Fourth, if that was not possible, steps should be taken to arrange a separate hearing in front of a s 9 judge as soon as possible (if at all possible within days at most) after the final hearing of the care proceedings. Typically, there would be no need for the judge to revisit matters already determined by the care judge, unless there were grounds for thinking that circumstances had changed.
Fifth, the evidence should include, in addition to all the other evidence required in the care proceedings, evidence on the matters referred to with respect to the substantive application. Those matters should also be included in the care plan put before the court in the care proceedings.
Sixth, where the care proceedings had been concluded for some time, the process would be that indicated with respect to the substantive application.
(7) What were the requirements for review.
Continuing review was crucial to the continued lawfulness of any confinement. What was required was, first, regular reviews by the local authority as part of its normal processes in respect of any child in care.
Second, a review by a judge at least once every 12 months.

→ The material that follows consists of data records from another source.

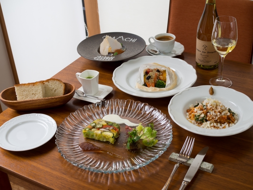 シェフが吟味したこだわりの信州食材をふんだんに盛り込み、北アルプス国際芸術祭テーマ「水・木・土・空」を表現したコースです。地元になじみの深い食材も、シェフの遊び心によって一皿ごとに驚きや発見が!※要予約(最大20名様まで)
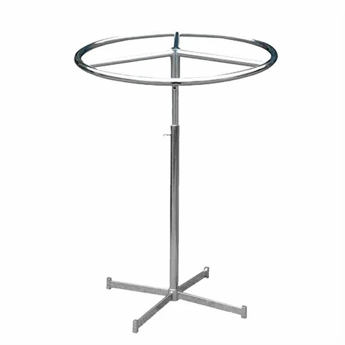 Foldable metal round garment rack with wheels. Supports up to 30 Kg weight capacity. Features a durable metal frame and a standard size for garment storage.
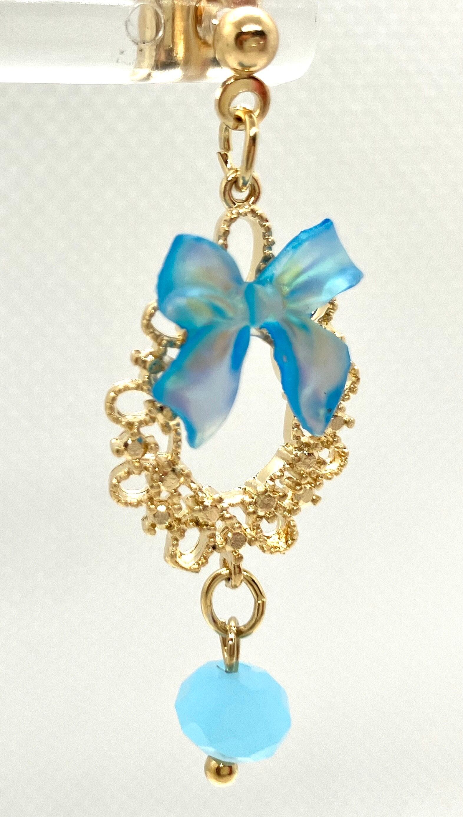 ◇ブルーフラワー付きハイヒール×リボンリースアシンメトリーモチーフピアス◇

The matter had to be brought back before the judge without waiting for the next 12-monthly review if there had been any significant change (whether deterioration or improvement) in the child’s condition or if it was proposed to move the child to a different placement.
Third, the child had to be a party to the review and have a guardian (if at all possible the guardian who had previously acted for the child).

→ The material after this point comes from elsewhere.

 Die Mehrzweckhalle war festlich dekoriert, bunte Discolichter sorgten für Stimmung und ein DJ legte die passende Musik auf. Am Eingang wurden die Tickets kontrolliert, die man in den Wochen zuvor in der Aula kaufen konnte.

Fourth, if there had been no significant change of circumstances since the previous hearing/review, the review could take place on the papers, though the judge could direct an oral hearing. The form of the next review was a matter on which the judge could give appropriate directions at the conclusion of the previous hearing.
Further, generally speaking, it was preferable for the proceedings to be concluded at the end of the final hearing and, thereafter, at the end of each review, rather than being kept open (see ,  of the judgment).
Shaun Spencer for the local authority.
Frances Heaton QC and Kate Burnell for the children’s guardians.
Karina Weller - Solicitor (NSW) (non-practising).
The present test cases raised various substantive and procedural questions in relation to the interface between care proceedings brought in the Family Court, pursuant to Pt IV of the Children Act 1989, and the requirements of art 5 of the European Convention on Human Rights. The Family Division held that the situation of the young or very young did not involve a confinement, gave a rule of thumb on at what point in the child’s development a child became confined, and gave guidance on matters of process and procedure.